Bankrupting DoS Attackers Despite Uncertainty

On-demand provisioning in the cloud allows for services to remain available despite massive denial-of-service (DoS) attacks. Unfortunately, on-demand provisioning is expensive and must be weighed against the costs incurred by an adversary. This leads to a recent threat known as {\it economic denial-of-sustainability (EDoS)}, where the cost for defending a service is higher than that of attacking. A natural tool for combating EDoS is to impose costs via resource burning (RB). Here, a client must verifiably consume resources -- for example, by solving a computational challenge -- before service is rendered. However, prior RB-based defenses with security guarantees do not account for the cost of on-demand provisioning.

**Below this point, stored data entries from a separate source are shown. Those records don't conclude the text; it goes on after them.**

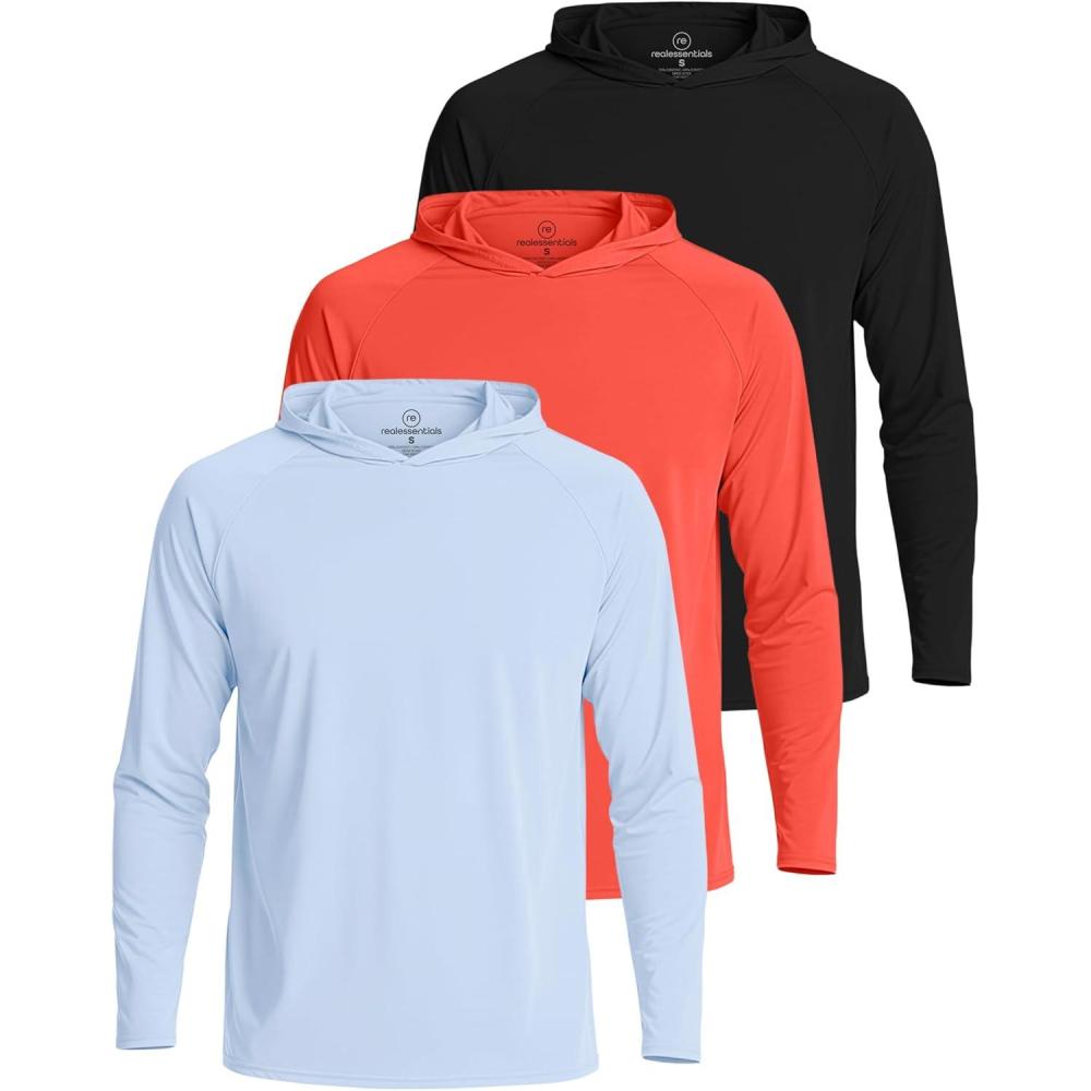 Real Essentials 3 Pack: Men’s Long Sleeve Rash Guard Hoodie – SPF UV Sun Protection Workout Fishing Swim Shirts (Big & Tall)(Set 7)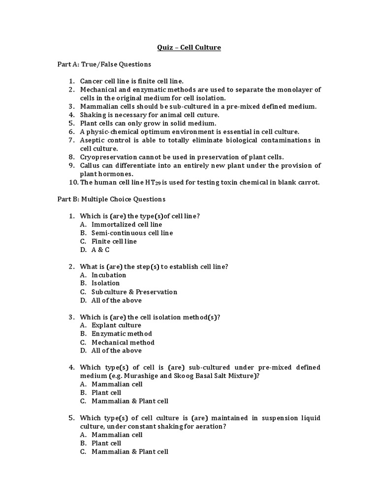 Animal Cell Culture Mcq - Multiple Choice Questions On Plant Biotechnology : Cell culture is widely used for the propagation of viruses as it is convenient, economic, easy to handle compared to other animals.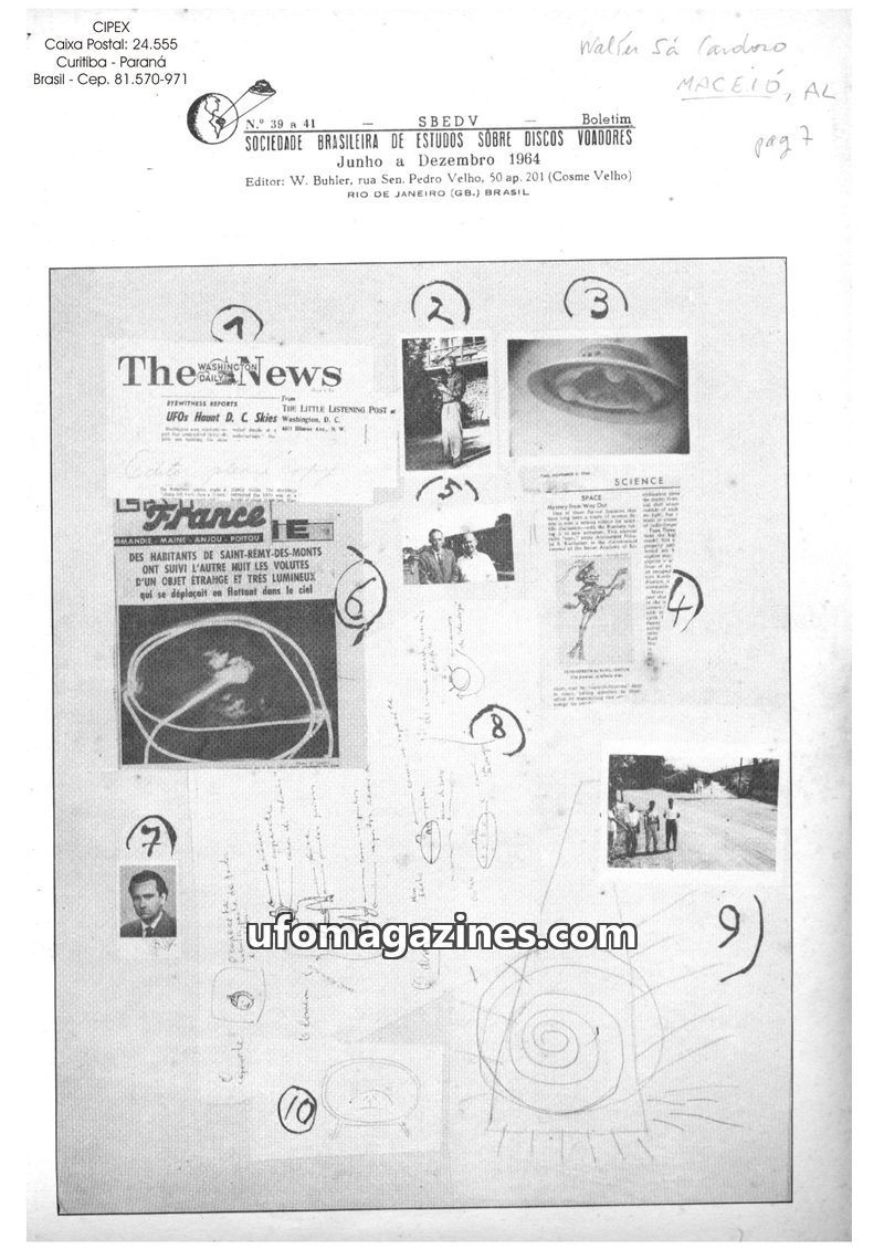 This issue of the SBEDV Bulletin covers UFO research in Brazil during the mid-1960s. It details two significant witness accounts: the J.A.A. incident involving a mysterious shadow

Another common approach is the use of heuristics -- such as a client's reputation score or the geographical location -- to identify and discard spurious job requests. However, these heuristics may err and existing approaches do not provide security guarantees when this occurs. Here, we propose an EDoS defense, LCharge, that uses resource burning while accounting for on-demand provisioning. LCharge leverages an estimate of the number of job requests from honest clients (i.e., good jobs) in any set $S$ of requests to within an $O(\alpha)$-factor, for any unknown $\alpha>0$, but retains a strong security guarantee despite the uncertainty of this estimate. Specifically, against an adversary that expends $B$ resources to attack, the total cost for defending is $O( \alpha^{5/2}\sqrt{B\,(g+1)} + \alpha^3(g+\alpha))$ where $g$ is the number of good jobs. Notably, for large $B$ relative to $g$ and $\alpha$, the adversary has higher cost, implying that the algorithm has an economic advantage. Finally, we prove a lower bound for our problem of $\Omega(\sqrt{\alpha B g})$, showing that the cost of LCharge is asymptotically tight for $\alpha=\Theta(1)$.